Won’t you promise me (now won’t you promise me, that you’ll never forget)
We’ll keep dancing (to keep dancing) wherever we go next
It’s like catching lightning the chances of finding someone like you
It’s one in a million, the chances of feeling the way we do
And with every step together, we just keep on getting better
So can I have this dance (can I have this dance)
Can I have this dance
Take my hand, I’ll take the lead
And every turn will be safe with me
Don’t be afraid, afraid to fall
You know I’ll catch you threw it all
And you can’t keep us apart (even a thousand miles, can’t keep us apart)
‘Cause my heart is (cause my heart is) wherever you are
It’s like catching lightning the chances of finding someone like you
It’s one in a million, the chances of feeling the way we do
And with every step together, we just keep on getting better
So can I have this dance (can I have this dance)
Can I have this dance
Oh no mountains too high enough, oceans too wide
‘Cause together or not, our dance won’t stop
Let it rain, let it pour
What we have is worth fighting for
You know I believe, that we were meant to be
It’s like catching lightning the chances of finding someone like you (like you)
It’s one in a million, the chances of feeling the way we do (way we do)

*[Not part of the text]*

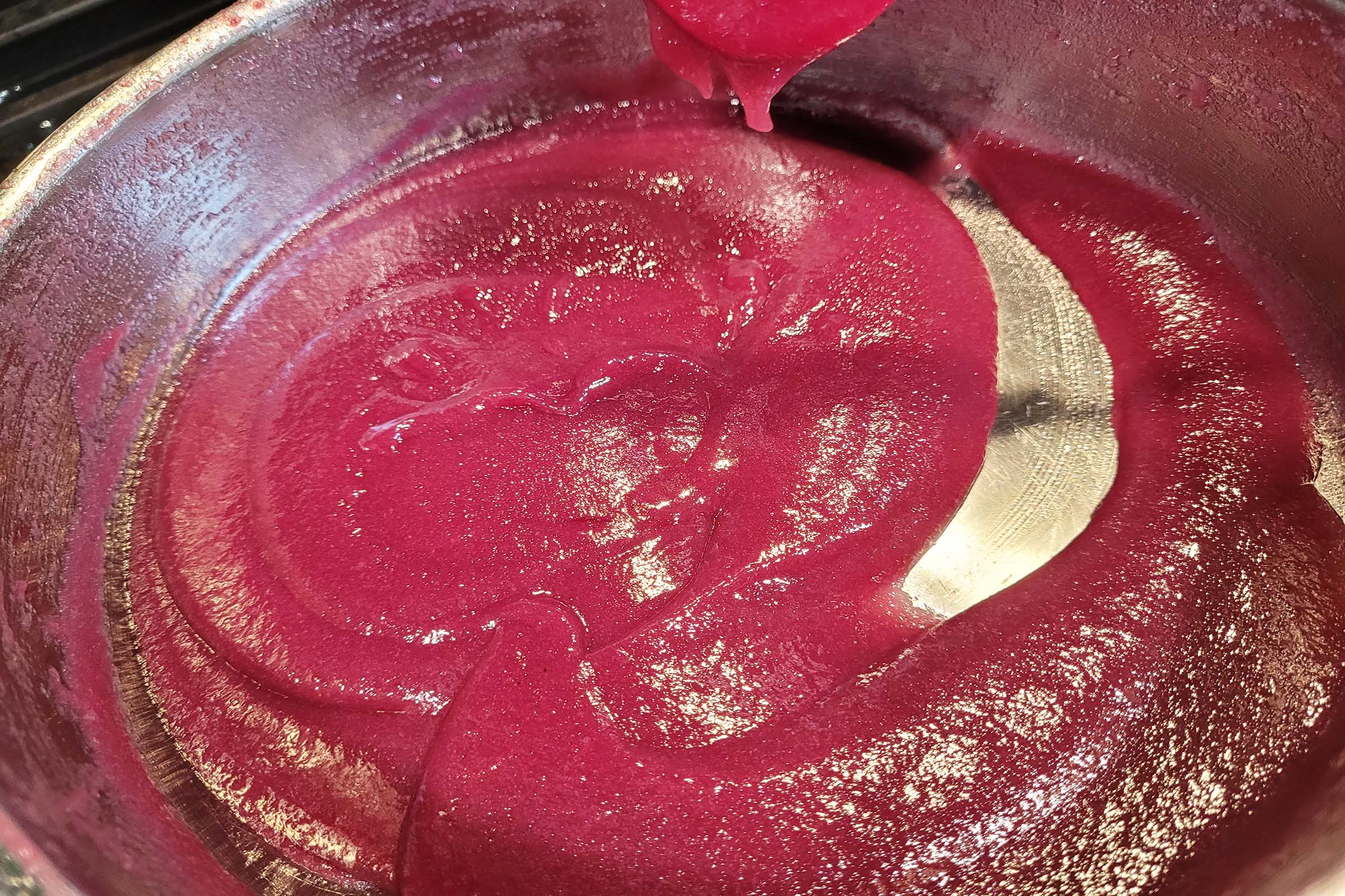 STIR often and don’t leave your pot on the stove! Continue to simmer your guava paste mixture on the stove. Ideally, you need to keep cooking and stirring until the mixture is so thick that you can draw a line on the bottom of the pan with your spoon and it doesn’t fill in…..and if you aren’t sure, keep cooking! The first time I made this I didn’t cook the mixture enough and it didn’t set properly. Definitely plan for about an hour of cooking!

And with every step together, we just keep on getting better
So can I have this dance (can I have this dance)
Can I have this dance
On another note: Tech BEAT Texas.
It was the best minute and twenty-nine seconds I’ve ever watched. I left the OU game early so I could make it to my friend’s frat house to see the end. We made it there just before Texas scored, upon which I fell on the floor in disbelief. I thought it was over. I know a minute twenty-nine is plenty of time to score, but I also knew Tech was going to have to fight. Boom, Boom, Boom. They got one first down after another and with eight seconds left made a twenty hard pass to Crabtree. He was inches from the sidelines, and I assume the Texas thought he was already out of bounds because Crabtree just spun around him and stepped the last couple of yards into the endzone for the game-winning touchdown. The frat house errupted into cheers; the fans rushed the field. It was beautiful. And for all the complaining Texas did to get their ONE SECOND, it was wonderful to see put them in their place one last time.
Now, I considered myself a Tech fan yesterday, and I appreciate their accomplishment. However, from this point forward they’re my enemy. They’re one of two teams standing in the Sooners way to the Big 12 Championship . . . and we play them at home. Get Ready Redraiders. You’ll only be on top until the 22nd.